In the past, pharmaceutical companies invested hugely in their own R&D, driven by what they did best – discovering new drugs. Innovation is not just about genius at the lab bench but also being smart about how you can manage and create innovation. In the 1980’s things changed with the emergence of molecular biology and biotechnology that revolutionised drug discovery. The emerging biotech industry, backed by venture capitalists (VCs), developed and introduced new drugs on their own giving rise to a fledgling biotech industry in California and Massachusetts.

Since then the emergence and development of biotech companies worldwide continues, however, it is driven by VC sentiment that has fluctuated over the past 30 years. This fluctuation has been influenced by events both within the industry, as investors better understood the risks associated with drug development and by global economic events.

The risks of a drug making it to market from the first clinical trials in humans are high, in fact the chances of a novel drug or new molecular entity (NME) making it to approval are, on average, less than 10%. This means that biotech companies attempting drug development carry very high inherent risk. In the past 15 years this has meant that the biotech model has had to focus on two key models, 1) create a business with an innovative platform for drug discovery which gives you ‘more shots at goal’ and/or 2) only do the early low cost part of clinical trials and take the drug to proof of concept (POC) in humans (usually Clinical Phase IIa). The NME still carries the risk of getting to market, in fact the chances of getting a drug this far from POC is still only about 40% on average. If the biotech company is successful at getting a drug to POC, they then usually out-license the rights to the drug to pharmaceutical companies who will take the drug through further clinical trials and then to market approval often with clinical costs reaching hundreds of millions of dollars. For the right drugs pharmaceutical companies will often pay these biotech companies millions to hundreds of millions of dollars in upfront and milestone payments and then royalties based on sales. This is the attraction to investors who are prepared to take the risk.

Equally intrinsic to the biotech model is the ability for investors to exit either through a trade sale to a larger pharmaceutical company or through flotation on the stock market, an initial public offering (IPO).

Needless to say the recent financial crisis has not helped, risk aversion has shied investors away from biotech and even Limited Partners away from VCs involved in biotech. Furthermore a number of venture capital firms have not performed as well as anticipated in the past 10 years introducing another layer of doubt in the biotech investment model. So concerned have the pharmaceutical companies been by this that they have reacted to the lack of venture capital by creating their own corporate venture funds to co-invest alongside side traditional VCs. So when the financial crisis arose the IPO market disappeared and the VCs were left dependent on their investee companies being bought by larger Pharma companies.

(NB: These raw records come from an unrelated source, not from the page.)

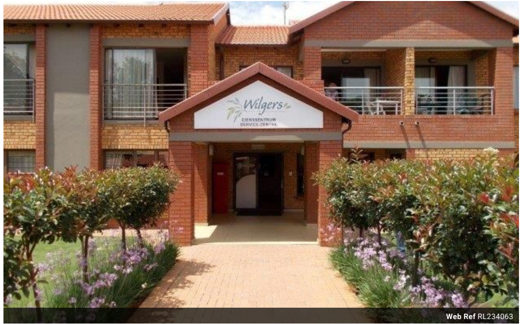
Web Ref RL234063

Third Floor Office Block F Hertford Office Park 90 Bekker Rd Vorna Valley Midrand
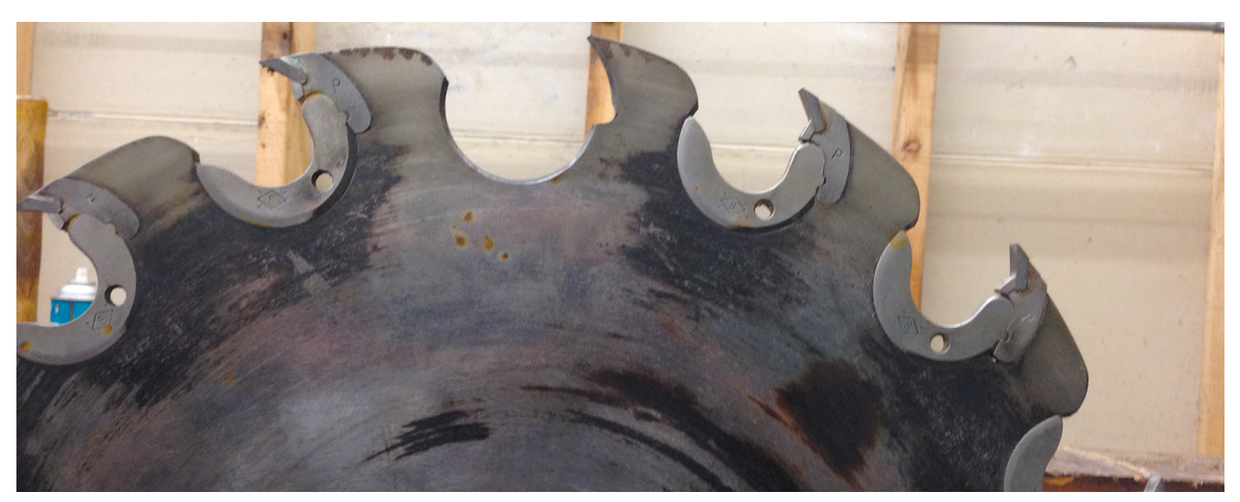
If just one socket is causing the problem, have a saw doctor replace it. More than one? Get a new edger saw.

On 56" headsaw, you can possibly weld as many as ten shoulders and still be repairing something that is worth more than the cost of the repairs. But by the time you have welded two shoulders on an edger saw, you are starting to get to that magic point where it just isn't all that economi-
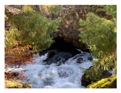
Wild and Scenic Rogue River Gorge

For more details contact: Tom Baltes, 505-298-1256
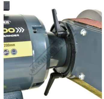
Quick Release Angle Adjustment
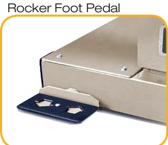
Mounted on both sides of the table base for easy height adjustment.
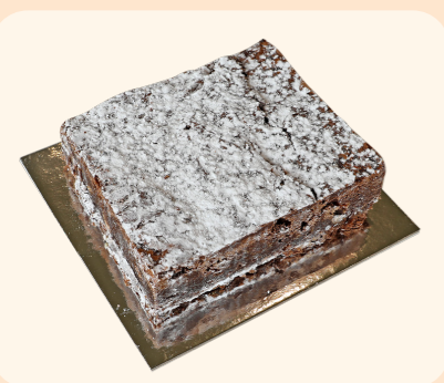
Brownie Block $7 Triple Choc
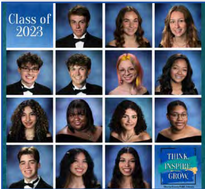
Pictured are the valedictorians and salutatorians for the Class of 2023. Read more about these class leaders on Page 39.

* Students must enroll in and pass a math course every year in high school (COMAR 13A.04.12.01). Electives for students must be completed through one of the following two pathways: two credits of the same world language and three electives; or completion of a state-approved career and technical education (CTE) program and elective credits. The number of elective credits required may differ, depending on the CTE program. Current CCPS juniors and seniors have different graduation requirements. See Page 5 of the 2023-2024 High School Program of Studies or visit the school system website at www.ccbocoe.com .
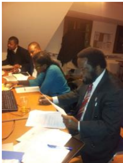
ZimHealth Executive Committee members and supporters at a planning meeting in Versoix

In 2012, the ZimHealth Executive Committee held monthly planning meetings in Versoix, in a meeting room offered at no charge by the GFMER. The Committee meets either on a weekday evening or a Saturday afternoon. Various sub-committees focusing on areas such as resources mobilisation, project management and liaison, publicity and procurement meet in between these monthly meetings for further planning of specific activities.
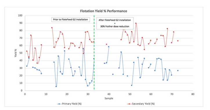
Figure 1: Flotation ash yield for three weeks before and three weeks after FloteFeed G2 installation.

Plant sampling demonstrated the following results.
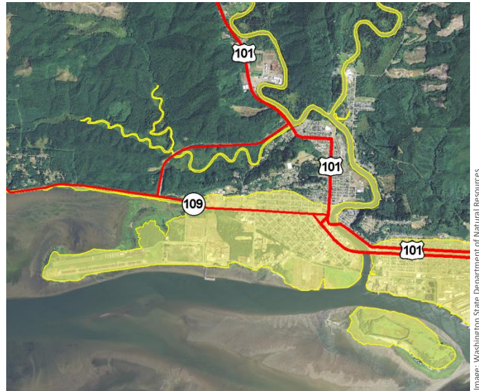
Figure 1. Aerial view of the community of Hoquiam on the Pacific coast of Washington. The tsunami hazard zone is shaded in yellow. Highways are marked by solid red lines.

Much has been done to improve our understanding of tsunami hazards, develop warning systems, and educate the public. If coastal communities are to reduce the impacts of future tsunamis, they need to know how tsunamis will affect their people, property, economy, and infrastructure.
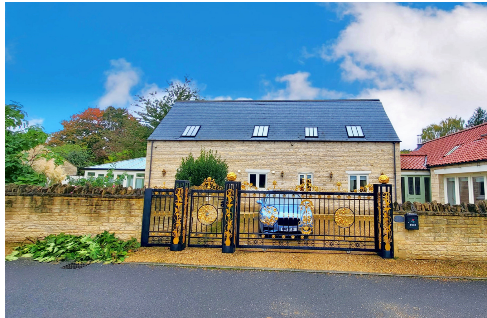
11a Castle End Road, Maxey PE6 9EP
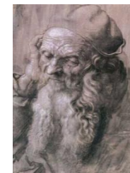
Old Man aged 93 (1521)
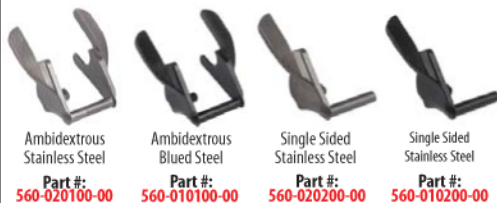
Ambidextrous Stainless Steel

Carbon steel is 4140 Stainless steel is 17-4
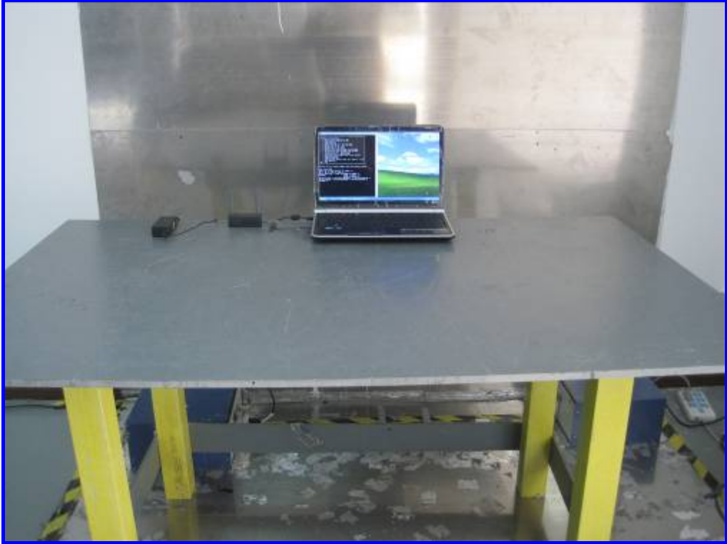
Conducted Emission Test Setup Front View
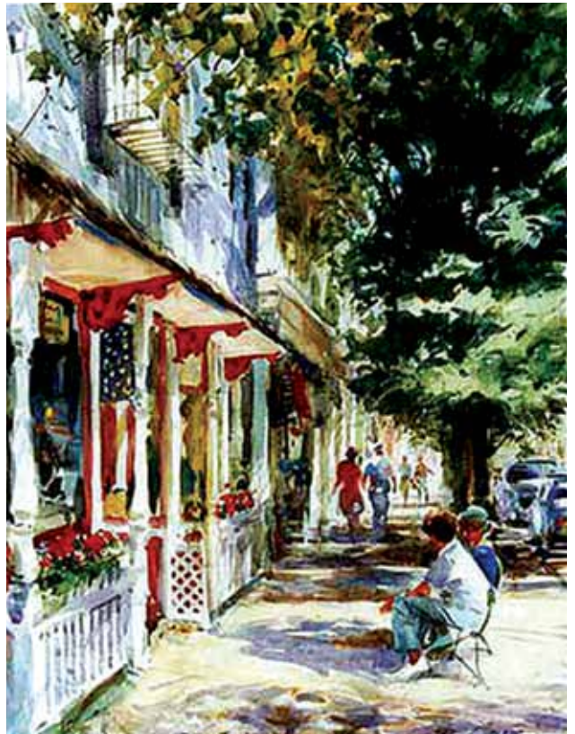
In contrast to the dark, harsh sketches of his war years, Zayac's current work consists of peaceful, light-filled watercolor street scenes.
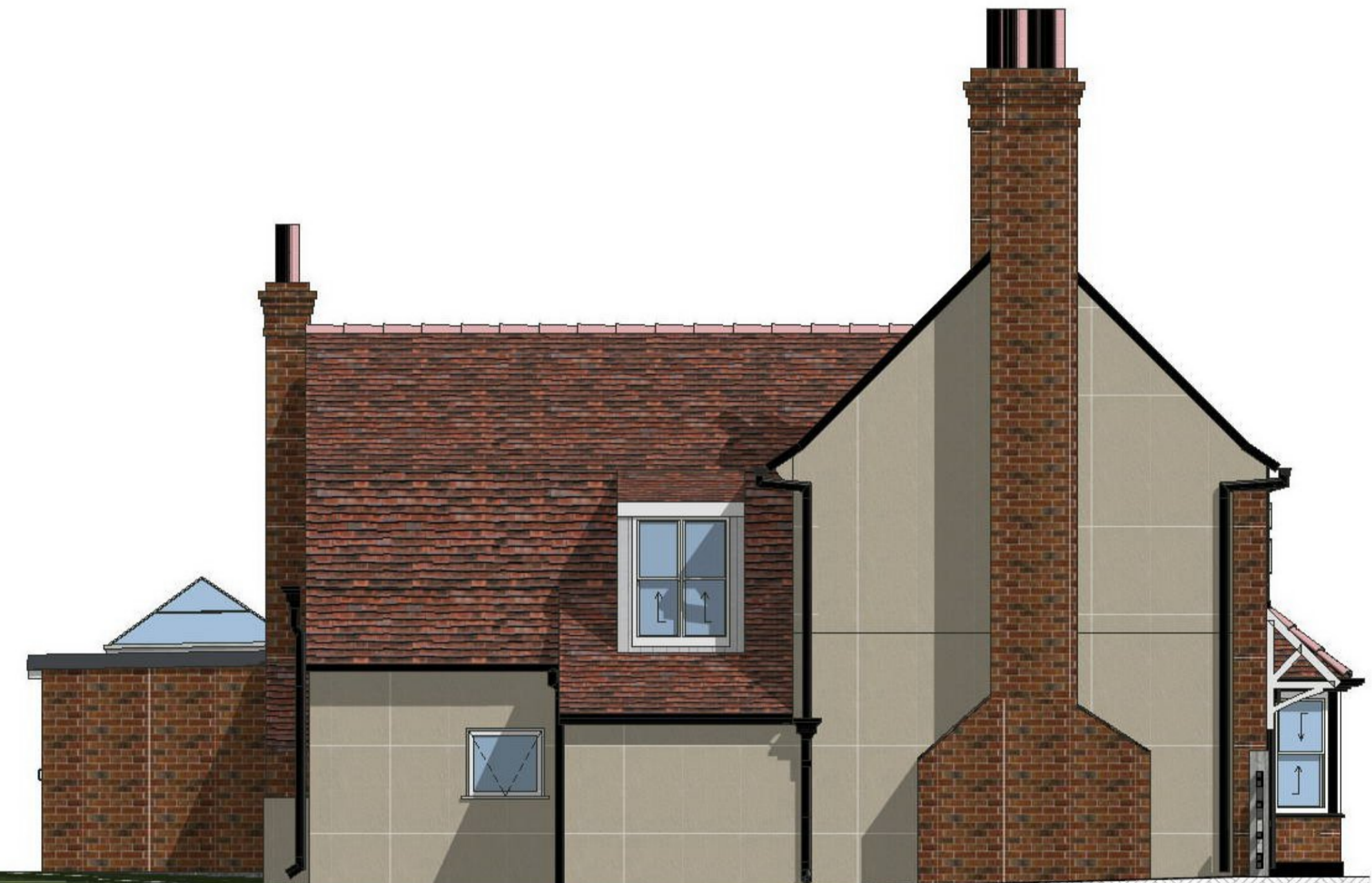
EXISTING ELEVATION 2

Some in the industry thought that IPOs would never return for biotech and then the gate opened again this year biotech stock on NASDAQ soared to dizzy heights and at the end of October this year the NASDAQ Biotech Index had increased by nearly 50%. This has brought huge relief not only to investors but also to all those who care for bringing new treatments to patients who suffer terrible diseases.

Pharmaceutical companies, recognising in recent years that their own internal R&D is less productive, have started to reduce their own research efforts leading to huge lay offs and closure of their research centres and manufacturing world wide. They have moved their research into the areas of highest biotech innovation like California, Massachusetts and the UK. They have created smaller high tech focused research centres that can thrive within their local innovative clusters. This increased reliance on innovative biotech companies can only boost the sector even more. All this change can only be best for patients too.